The woman who is made of a thousand spiders is knitting a hat for her husband out of the last of her favorite yarn.
She sits underneath the lilac tree and cradles the yarn in the folds of a long black skirt. The lilac is in full bloom, and as the sky darkens, it releases its sweet scent to call insects.
The woman who is made of a thousand spiders revels in the buzz of new prey.
Her husband breathes deeply, a lazy smile on his face. He settles further into his rocking bench and pulls his hoodie down over his eyes to deter the mosquitos that gather around him. Even with the thousand spiders sitting near, plucking insects from the air, the mosquitos are relentless. He will itch all night.
Lilacs are more fragrant in the evenings, and their season is short. It is worth the itch.
The woman who is made of a thousand spiders is nearing the crown of the hat. Its tension is off, and the fabric will not lay properly. Her favorite yarn is a blend of silk (not her own, but that of moths), and it is unforgiving. Her hands do not work properly as they are operated by spiders, and it is difficult to keep an even tension as her needles move across the yarn.
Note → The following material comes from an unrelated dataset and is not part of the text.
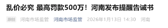 为进一步规范全省大规模设备更新和消费品以旧换新活动市场价格秩序,1月13日,河南省市场监管局发布提醒告诫书。
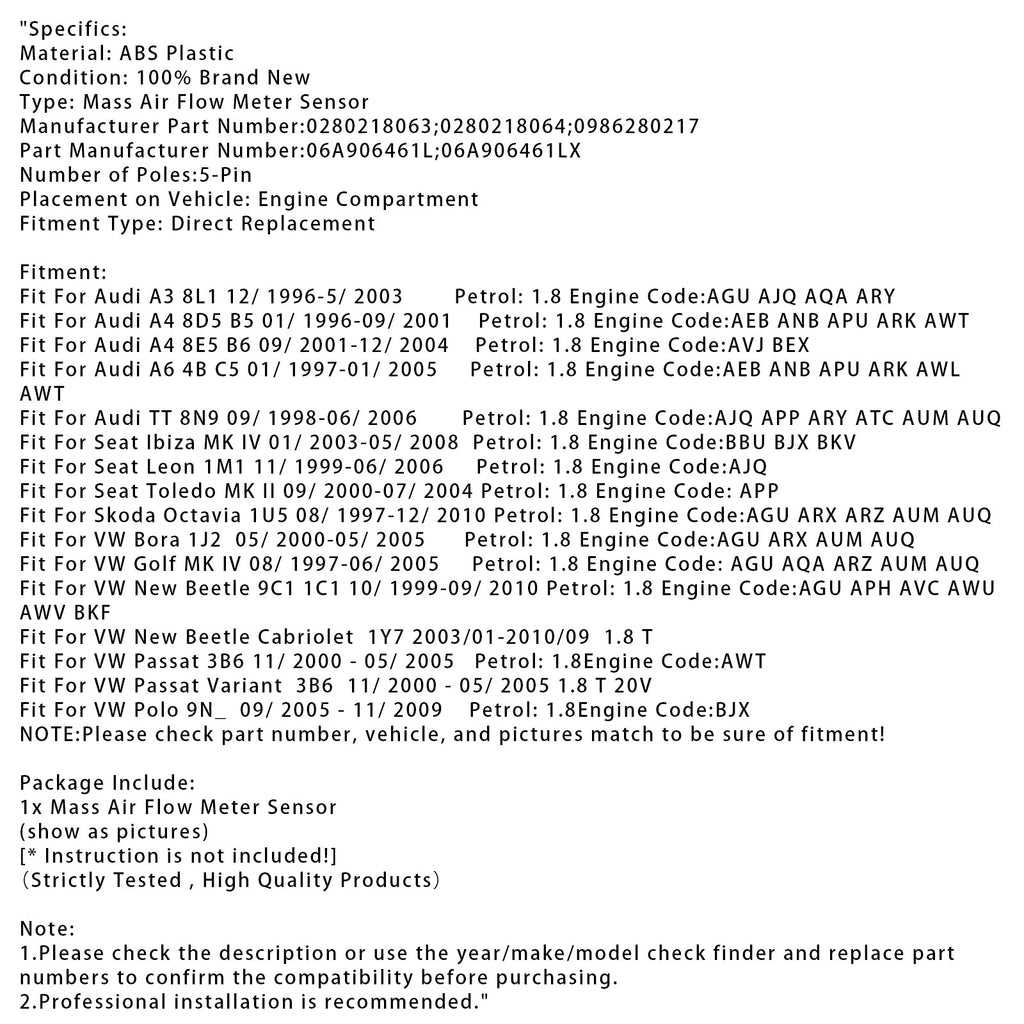 Mass Air Flow Meter Sensor For Audi A4 TT VW Golf IV Bora 1.8T 0280218063

She finishes anyway, because there was only a row left, and the vanishing sunlight is no problem to her. She threads the yarn through the last twelve stitches and cuts it free with the small golden scissors she remembered to put in the pocket of her skirt. The scissors are in the shape of a swan, and they were a gift from her husband. The glint catches his eye. He reaches for them and caws softly at her as he opens the sharp beak, though he knows crows sound nothing like swans.
She pulls her false face into the configuration of a warm smile, and hands him the hat.
It barely comes down to the tops of his ears, but he pulls it down and tells her it might lay right after washing. She needn’t worry about the fit.
But the woman who is made of a thousand spiders gathers the tendons in her neck and shakes her head “no.” It isn’t worth the trouble to make something unless it is perfect. The tension is wrong, the fit is wrong, and this is only the second project she’s made with the yarn only to unravel it and try again.
“I’ll redo it,” she rasps through brittle lungs and difficult lips made of spider’s silk.
“Wait until fall,” says her husband, because the lilacs are in bloom and the nights are long and she shouldn’t waste the summer mad at knitting.
The woman who is made of a thousand spiders thinks for a moment. Her husband will not need a hat until fall. She nods and gathers herself to join him on the bench, where they twine their hands and rock the bench and stare up at the stars.